The subject of slashing is big in the bread world. Before I started baking bread, I had no idea that those slashes were there for anything other than decoration.
Oh how simple my world must have been.
If I’ve understood it correctly, and it’s entirely probable I haven’t, you slash your bread so that it can rise to maximum height without exploding. This is because the heat of the oven causes something caused “oven spring”- that final push upwards. Because the bread has a certain surface tension, you want the bread to rise as much as possible before the crust bakes hard and doesn’t allow any further growth. So in this respect slashing helps, (but so does causing a moist environment in the oven – steam. More on this another time).
If you slash, you control where the bread expands. If you didn’t and it needed to expand, it might burst in an uncontrollable fashion. So slashing can be decorative and serves a purpose. Btw, you only really need to slash with certain types of bread. Some bread that don’t rise much, such as a pure rye, don’t need slashes.
But how to slash?
People are nervous of slashing the dough, with good reason. You’ve spent the best part of a day making your sourdough baby and when you tip it out on a (preferably pre-heated) tray or stone you don’t want to muck about with it anymore than you have to. Slashing takes a bit of confidence and good slashing also depends on the proving. If you’ve overproved, slashing is more likely to make your bread deflate, for instance.
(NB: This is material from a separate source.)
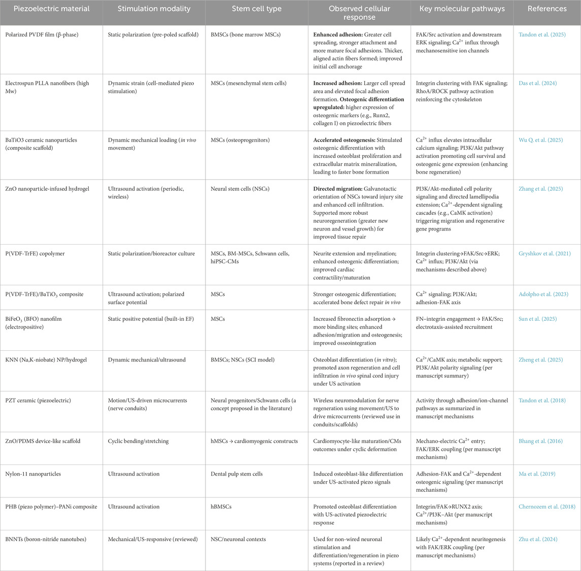 Table 1. Representative piezoelectric materials, stimulation modalities, stem cell types, cellular responses, and key signaling pathways are summarized in this review.

When I first started slashing I used a really sharp knife. I found this dragged and it made me panic, because the bread seemed to deflate (although it seemed to recover fine in the oven).
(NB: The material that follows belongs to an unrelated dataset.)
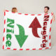 Cette couverture de vacances festive et amusante présente un thème de Noël mignon. Le mot "Naughty" est imprimé dans une police de style parties scintillant rouge fantaisiste, avec une flèche correspondante pointant vers la gauche. Le mot "Nice" est imprimé dans une police de parties scintillant verte avec une flèche correspondante pointant à droite. La bordure est ornée d'un motif de sucre de canne à la menthe poivrée rayée rouge et blanc. Montrez si vous pensez avoir fini sur la partie coquine ou jolie de la liste Père Noël.

I never need a reason to buy a new gadget or a specialist tool so I looked up what you could use.
- A razor blade – no good for me as I have young children and I wasn’t going to risk a naked blade escaping from the drawer.
- A grignette or lame – a posh Stanley knife.
Naturally, I decided, I needed one of the latter.
You can get ones with rotating blades (so you can use both sides, although there’s nothing to stop you swopping hands and doing it but I guess that requires some dexterity), ceramic blades, steel blades, replaceable blades. They are used “by the professionals”.
I got this one:
Conclusion: it may not be a wallet-busting exercise, buying a professional grignette, but I think a bread-knife does the job better. With the money you save you’d be better off buying a banneton, which is worth the money. But, more on this another time.
Lovely loaves you've made there, bet those crusts are full of flavour 🙂 imo the curved grignette is best for making the famous envelope slitting slash for opening up the top of baguettes, something I manage to get right about 1 time in 20. Otherwise, as you have found a straight blade is best. Use what works for you. Tip. Try just once, making a couple of smaller batards, maybe 500 gram size and then once you have shaped them, put them in the fridge, covered. Then slash them cold and bake, just add another 5 minutes to the bake time. Much easier to slash, and if the loaves are fairly small then they should still spring quite happily. Have you visited le petit boulanger and watched their videos of their 'scarification' techniques. It's a bit like counting sheep… but might amuse you…. have a good weekend Joanna
I haven't seen that video no. I'm tempted to buy a proving couche (that is what they're called nesspa?) after seeing your baguettes Joanna. Still don't know what those envelope slashes are though. So much to learn still…
aha that's good to know my attempts with the brand new scalpel blade – as a designer, I have professional reasons to have sharp blades hanging about the house! – I was VERY disappointed, am breaking out the bread knife for the next loaf!